Any computational biologist will be drawn to a world-renowned institute such as UCSC Genome Institute. Having used some of their tools such as the UCSC Genome Browser, I wanted the opportunity to go and experience research. Fortunately, I managed to secure a slot at the Institute during my exchange. The project focuses on deciphering the nanopore sequencing signal features utilized by commercial deep learning models (Bonito) for the base-calling.
I came across Prof Noam’s lab when I was looking for some research experience in functional genomics. After talking to Prof Noam online, I was convinced that I had to go to his lab and I flew to Israel armed only with my passion for research. I was tasked with overcoming the low interpretability in the deep learning classification of cancer genomics. The model used is a QRNN model and the input data is raw FASTA sequences. As it was my novice experience in machine learning, I spent a lot of time catching up with the project. Eventually, I adopted the gradient class activation mapping (GCAM) technique and attributed biological significance to the model. My time at this lab was one of my favourites and I learned a lot from Prof Noam, in both research and Israeli culture. The work here laid the foundation of a chapter in his book, Deep Sequencing Data Analysis, where I authored the chapter.

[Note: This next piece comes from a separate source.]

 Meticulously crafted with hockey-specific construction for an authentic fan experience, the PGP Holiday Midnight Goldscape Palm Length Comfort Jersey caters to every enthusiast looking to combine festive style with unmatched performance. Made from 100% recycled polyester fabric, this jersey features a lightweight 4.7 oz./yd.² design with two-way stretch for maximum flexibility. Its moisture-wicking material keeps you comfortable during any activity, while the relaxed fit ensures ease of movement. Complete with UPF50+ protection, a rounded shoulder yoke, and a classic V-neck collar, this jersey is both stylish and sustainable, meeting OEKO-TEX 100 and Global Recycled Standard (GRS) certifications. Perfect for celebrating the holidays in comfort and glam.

I had the opportunity to work at Prof George’s lab as a UROPS student. The project focuses on the cholinergic modulation on the claustrum, a part of the brain whose function eluded neuroscientists since its discovery. As the lab does not have any computational biologists, I spent a lot of time reading up literature on my own. Another source of inspiration was my direct mentor, Aditya Nair (who is a graduate student at Caltech now), and we would explore theoretical and computational neuroscience concepts during our weekly meetings. Those meetings were always intriguing and I recalled looking forward to them every week. We settled on the idea of building a firing-rate network model using electrophysiological data collected from claustral neurons in brain slices. By approximating the cholinergic input as a gain-control function, we showed that cholinergic input toggle network encoding efficiencies of different subpopulations in the claustrum. The model built here is now in a paper in PNAS where I am a key contributing author.

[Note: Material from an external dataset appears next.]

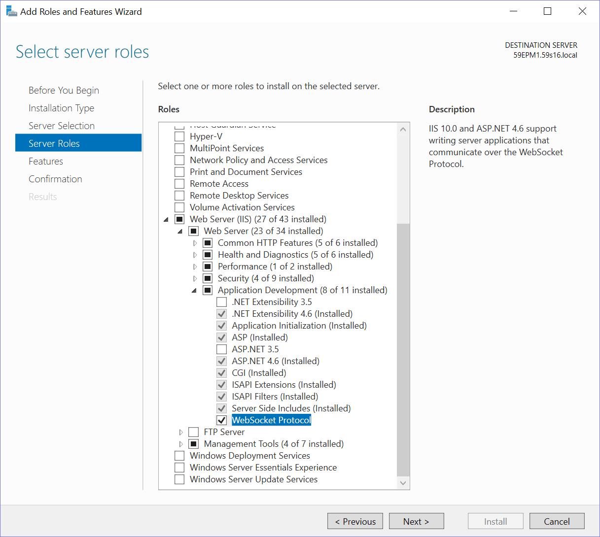 Go to Server Roles and Install the Web Socket Protocol

I had my first taste of research at Prof KL’s lab and I was captivated by the process of scientific research. Although computational biology is not part of Prof KL’s expertise, he encouraged me to explore any methodology that I find interesting. He would constantly push me to read more literature and provide constructive criticism to my ideas. In his lab, I found my love for scientific research. The project I did focused on using random-walk-with-restart algorithm on a protein-protein interaction network built from the STRING database. The approach allowed us to determine molecular links between Parkinson’s disease and Type 2 diabetes, two co-related diseases that have yet to have any explicit overlapping mechanisms.